What you need to do
Output the data below only from the line containing "Dear players, as" up to and including the line containing "Manchester's original 80s", exact and with the pictures left out.

Source data
*-*-*

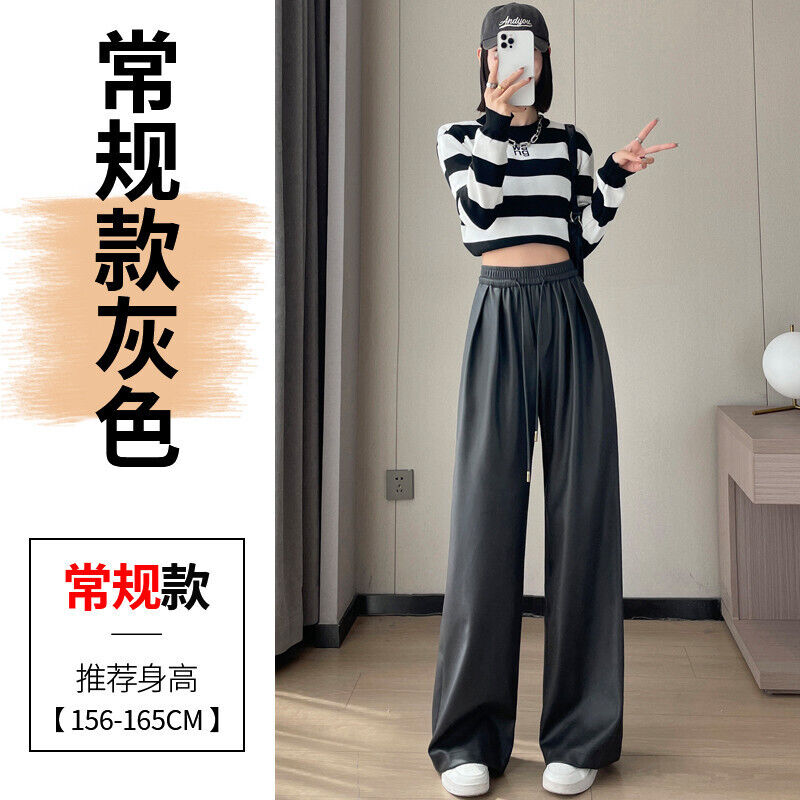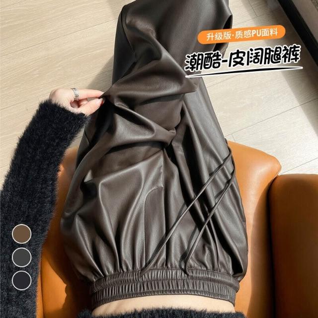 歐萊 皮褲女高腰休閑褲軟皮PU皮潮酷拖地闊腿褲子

*-*-*

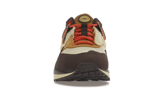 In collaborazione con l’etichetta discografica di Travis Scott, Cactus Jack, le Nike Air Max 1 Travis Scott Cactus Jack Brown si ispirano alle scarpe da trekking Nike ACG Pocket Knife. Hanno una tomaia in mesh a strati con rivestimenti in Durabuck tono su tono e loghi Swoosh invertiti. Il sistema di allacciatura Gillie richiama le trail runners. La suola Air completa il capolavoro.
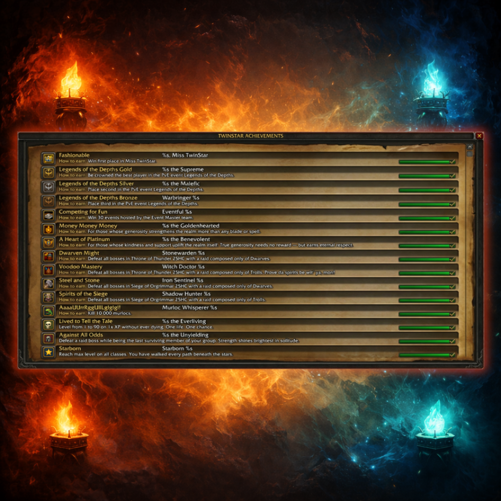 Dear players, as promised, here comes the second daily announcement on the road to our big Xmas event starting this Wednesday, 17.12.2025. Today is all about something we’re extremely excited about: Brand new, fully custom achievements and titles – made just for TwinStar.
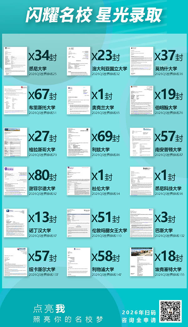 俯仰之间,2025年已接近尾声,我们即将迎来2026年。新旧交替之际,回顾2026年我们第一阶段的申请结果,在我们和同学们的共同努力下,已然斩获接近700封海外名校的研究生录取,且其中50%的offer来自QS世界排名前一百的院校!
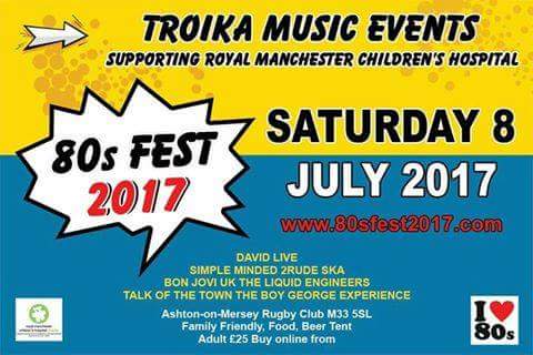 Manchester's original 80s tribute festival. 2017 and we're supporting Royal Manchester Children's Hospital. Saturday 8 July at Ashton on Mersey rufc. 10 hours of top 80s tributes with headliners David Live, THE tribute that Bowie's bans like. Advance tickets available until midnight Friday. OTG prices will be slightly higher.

*-*-*

Written response
 Dear players, as promised, here comes the second daily announcement on the road to our big Xmas event starting this Wednesday, 17.12.2025. Today is all about something we’re extremely excited about: Brand new, fully custom achievements and titles – made just for TwinStar.
 俯仰之间,2025年已接近尾声,我们即将迎来2026年。新旧交替之际,回顾2026年我们第一阶段的申请结果,在我们和同学们的共同努力下,已然斩获接近700封海外名校的研究生录取,且其中50%的offer来自QS世界排名前一百的院校!
 Manchester's original 80s tribute festival. 2017 and we're supporting Royal Manchester Children's Hospital. Saturday 8 July at Ashton on Mersey rufc. 10 hours of top 80s tributes with headliners David Live, THE tribute that Bowie's bans like. Advance tickets available until midnight Friday. OTG prices will be slightly higher.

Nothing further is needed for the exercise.